Once you find the line with "materials: 真鍮、ヴィンテージ Germany" in the data below, transcribe exactly each line from there to the line with "Pánske bavlnené tričko", inclusive, and nothing else. Drop the pictures.

• _Exercise data_
────────────────────

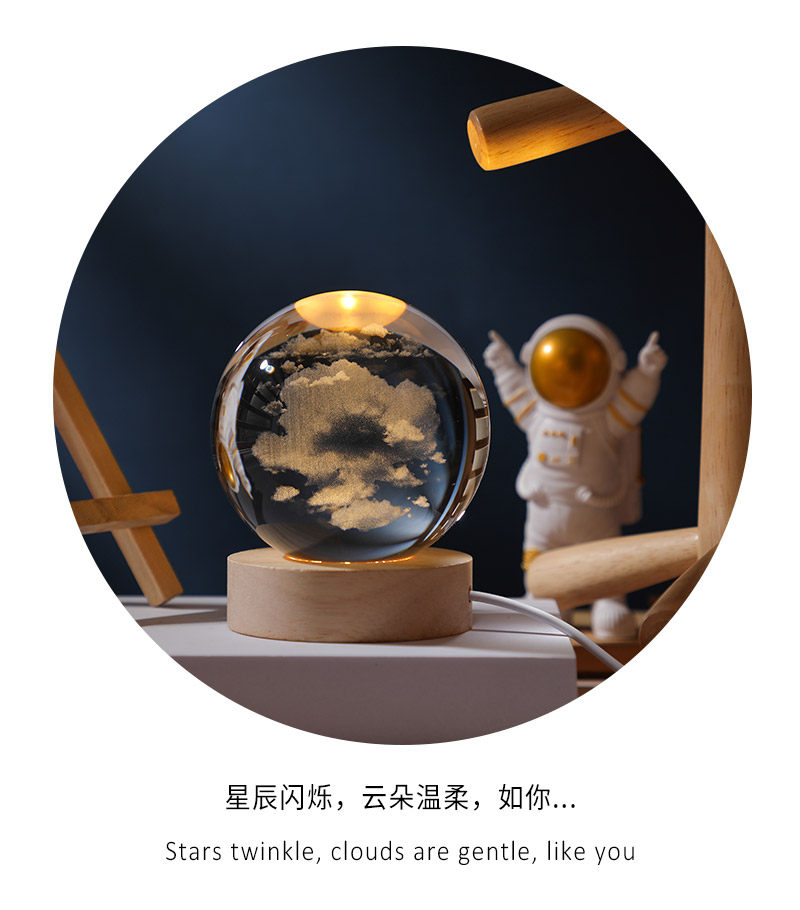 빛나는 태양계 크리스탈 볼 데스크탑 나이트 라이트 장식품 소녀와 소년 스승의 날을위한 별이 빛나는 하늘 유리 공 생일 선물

────────────────────

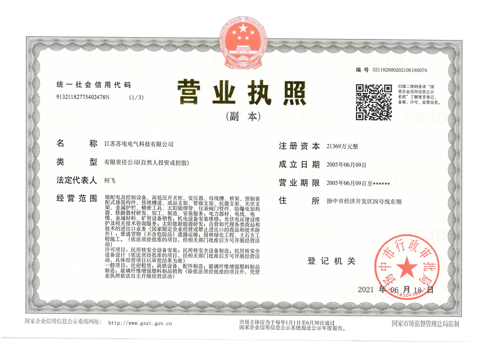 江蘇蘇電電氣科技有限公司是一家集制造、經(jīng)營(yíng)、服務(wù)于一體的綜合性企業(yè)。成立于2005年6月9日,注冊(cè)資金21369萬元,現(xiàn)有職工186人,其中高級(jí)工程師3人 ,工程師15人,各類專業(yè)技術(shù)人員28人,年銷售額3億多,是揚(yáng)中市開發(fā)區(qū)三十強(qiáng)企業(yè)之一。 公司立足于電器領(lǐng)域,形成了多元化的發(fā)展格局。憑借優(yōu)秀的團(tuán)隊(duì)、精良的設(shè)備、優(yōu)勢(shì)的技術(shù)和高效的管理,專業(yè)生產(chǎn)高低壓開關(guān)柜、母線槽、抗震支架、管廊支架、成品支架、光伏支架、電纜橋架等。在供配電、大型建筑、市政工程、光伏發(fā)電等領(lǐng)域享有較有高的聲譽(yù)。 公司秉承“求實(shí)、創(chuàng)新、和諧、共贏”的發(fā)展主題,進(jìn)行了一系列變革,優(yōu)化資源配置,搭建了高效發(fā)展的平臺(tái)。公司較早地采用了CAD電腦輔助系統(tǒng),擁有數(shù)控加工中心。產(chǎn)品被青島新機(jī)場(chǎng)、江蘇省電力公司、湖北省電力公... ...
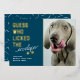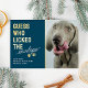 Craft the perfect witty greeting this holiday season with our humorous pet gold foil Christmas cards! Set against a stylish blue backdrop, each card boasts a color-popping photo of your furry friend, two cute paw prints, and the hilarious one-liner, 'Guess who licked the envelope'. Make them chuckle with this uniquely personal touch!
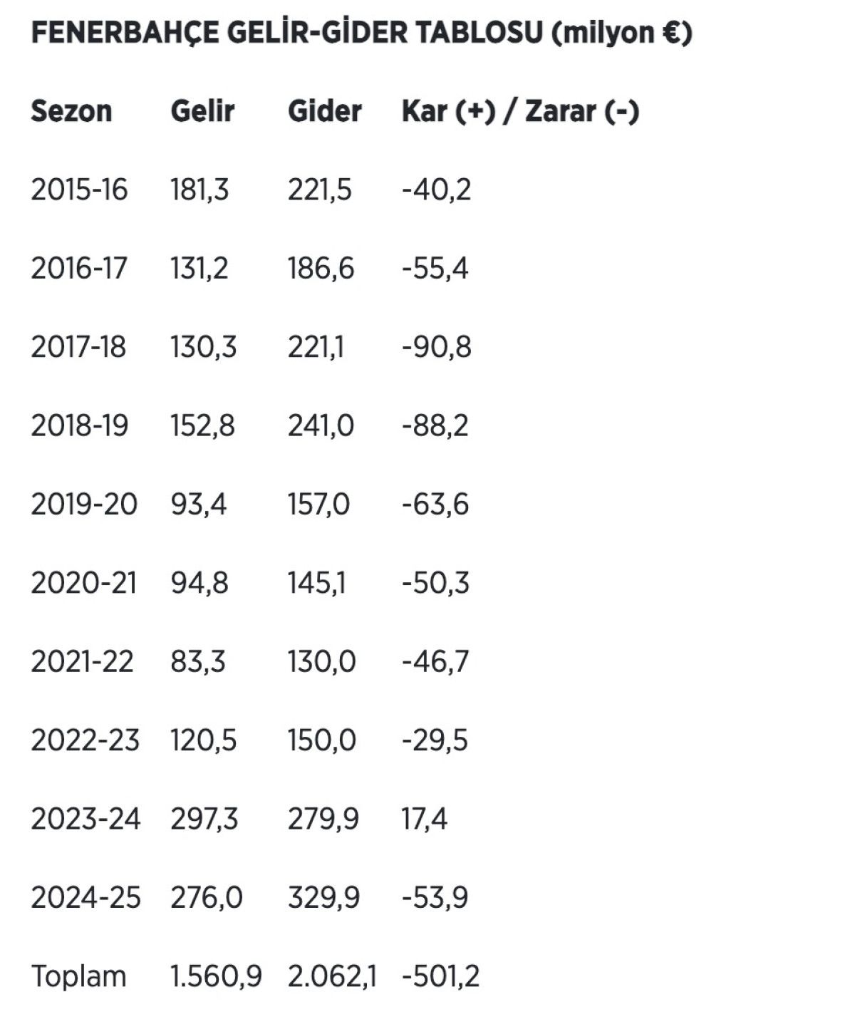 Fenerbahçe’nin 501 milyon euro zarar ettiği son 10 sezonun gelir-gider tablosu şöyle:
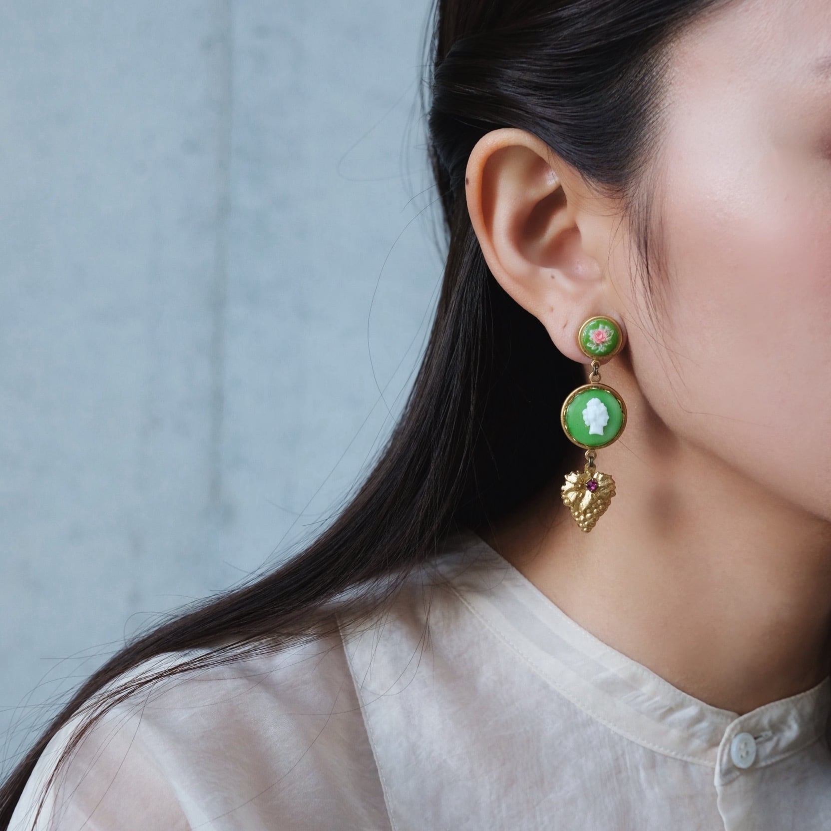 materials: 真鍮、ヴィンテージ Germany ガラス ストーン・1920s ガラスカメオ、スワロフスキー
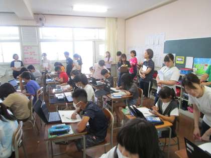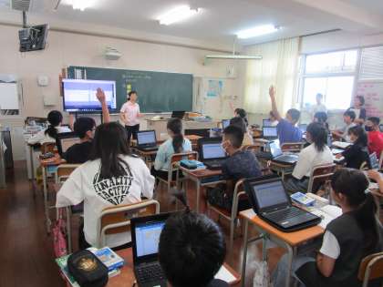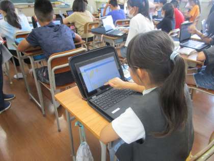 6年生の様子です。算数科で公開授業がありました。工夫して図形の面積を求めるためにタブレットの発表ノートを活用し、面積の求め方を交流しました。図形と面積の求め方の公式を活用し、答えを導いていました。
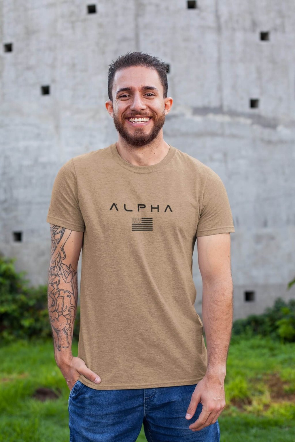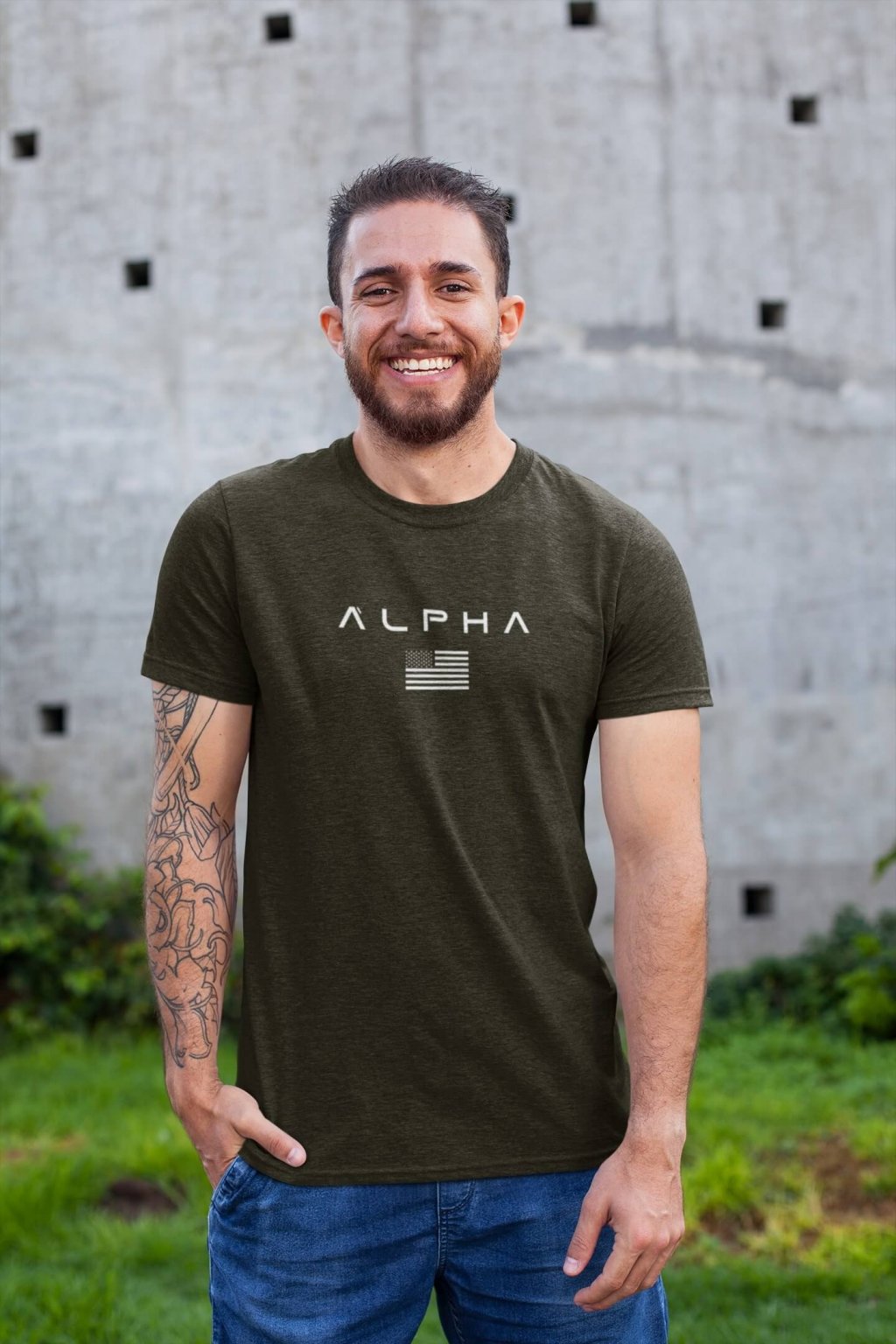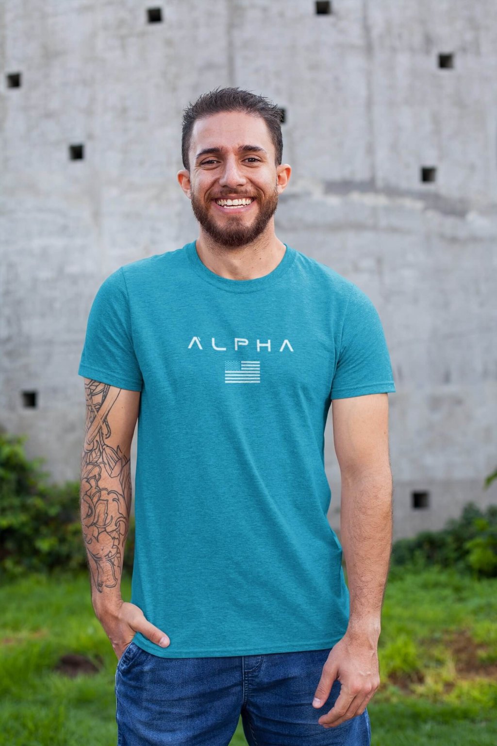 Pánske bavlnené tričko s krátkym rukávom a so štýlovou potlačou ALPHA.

────────────────────

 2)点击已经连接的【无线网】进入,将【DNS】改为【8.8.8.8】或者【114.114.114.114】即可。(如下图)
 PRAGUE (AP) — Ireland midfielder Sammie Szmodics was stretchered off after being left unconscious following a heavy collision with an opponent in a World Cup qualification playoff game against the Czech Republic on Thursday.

────────────────────

• _Answer for this exercise_
 materials: 真鍮、ヴィンテージ Germany ガラス ストーン・1920s ガラスカメオ、スワロフスキー
 6年生の様子です。算数科で公開授業がありました。工夫して図形の面積を求めるためにタブレットの発表ノートを活用し、面積の求め方を交流しました。図形と面積の求め方の公式を活用し、答えを導いていました。
 Pánske bavlnené tričko s krátkym rukávom a so štýlovou potlačou ALPHA.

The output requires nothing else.